*Exercise inputs:*
──────────────────────────────

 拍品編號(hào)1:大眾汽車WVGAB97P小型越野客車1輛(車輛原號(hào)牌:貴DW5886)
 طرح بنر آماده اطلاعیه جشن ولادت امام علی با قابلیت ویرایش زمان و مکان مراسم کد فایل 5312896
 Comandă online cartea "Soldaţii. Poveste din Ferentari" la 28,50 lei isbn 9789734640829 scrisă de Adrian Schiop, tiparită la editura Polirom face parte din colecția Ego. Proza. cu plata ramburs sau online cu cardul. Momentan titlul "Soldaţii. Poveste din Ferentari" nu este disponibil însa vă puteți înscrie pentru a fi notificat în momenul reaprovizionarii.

──────────────────────────────

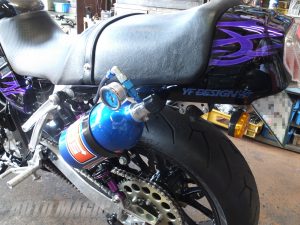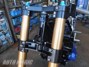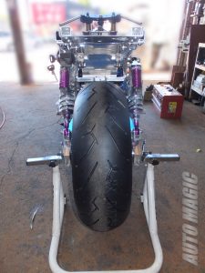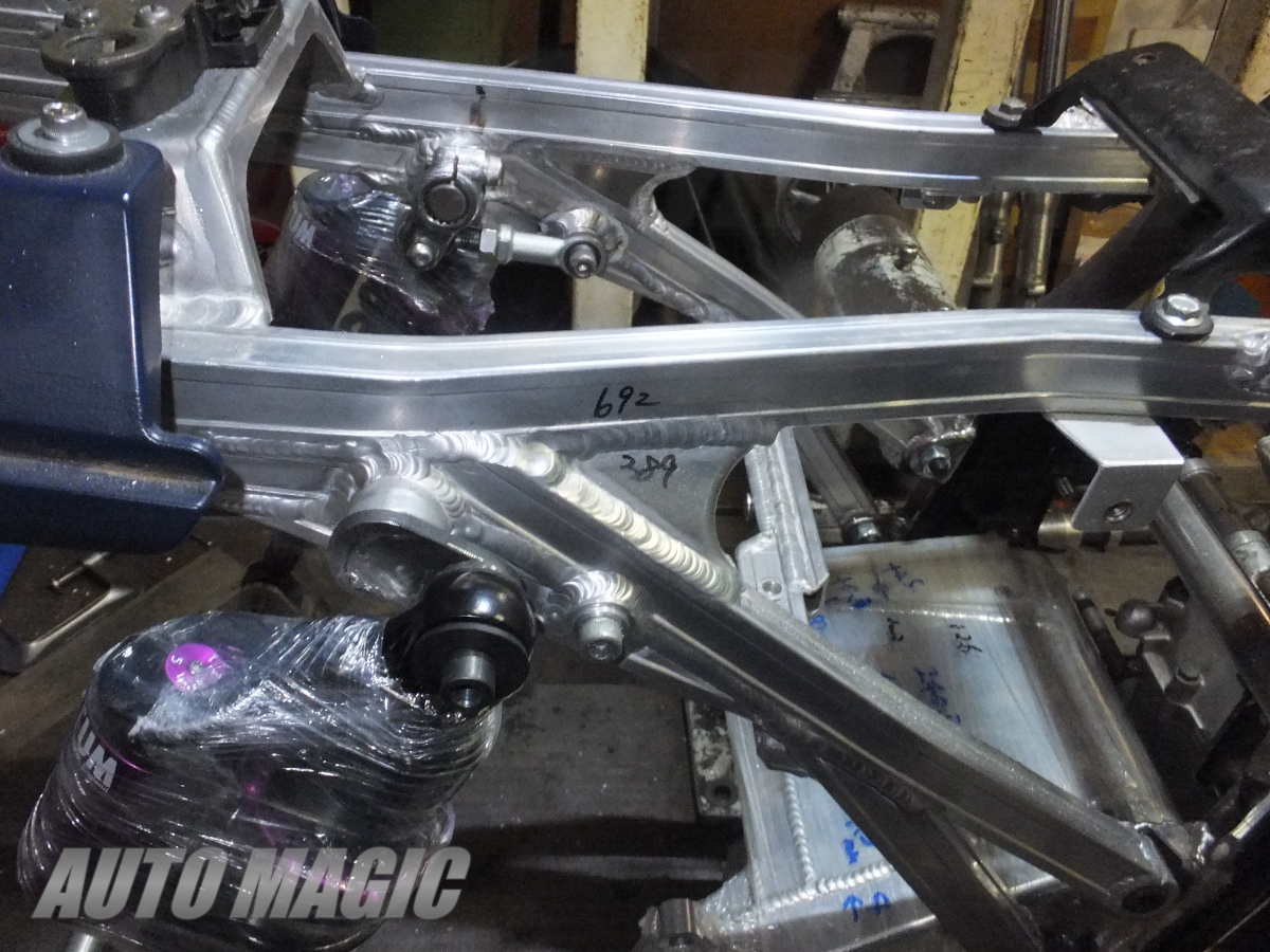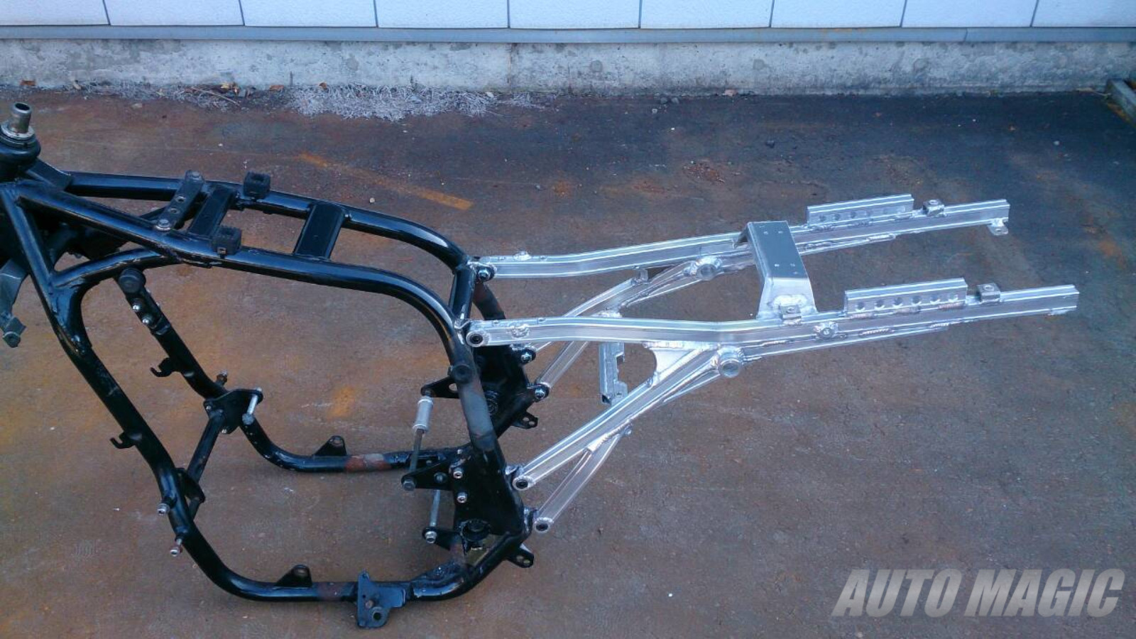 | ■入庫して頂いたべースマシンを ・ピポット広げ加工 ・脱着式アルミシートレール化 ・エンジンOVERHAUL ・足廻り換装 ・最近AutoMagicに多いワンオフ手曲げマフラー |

──────────────────────────────

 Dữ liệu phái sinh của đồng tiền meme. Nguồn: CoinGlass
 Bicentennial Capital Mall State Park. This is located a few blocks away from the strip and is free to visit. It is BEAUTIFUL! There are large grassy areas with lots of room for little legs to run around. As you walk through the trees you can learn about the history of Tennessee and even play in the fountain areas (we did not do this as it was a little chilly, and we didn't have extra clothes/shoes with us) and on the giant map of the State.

──────────────────────────────

*What you have to do:*
From the listing above, output exactly the run of lines that starts with the line containing "拍品編號(hào)1:大眾汽" and ends with the line containing "طرح بنر آماده".

*The answer:*
 拍品編號(hào)1:大眾汽車WVGAB97P小型越野客車1輛(車輛原號(hào)牌:貴DW5886)
 طرح بنر آماده اطلاعیه جشن ولادت امام علی با قابلیت ویرایش زمان و مکان مراسم کد فایل 5312896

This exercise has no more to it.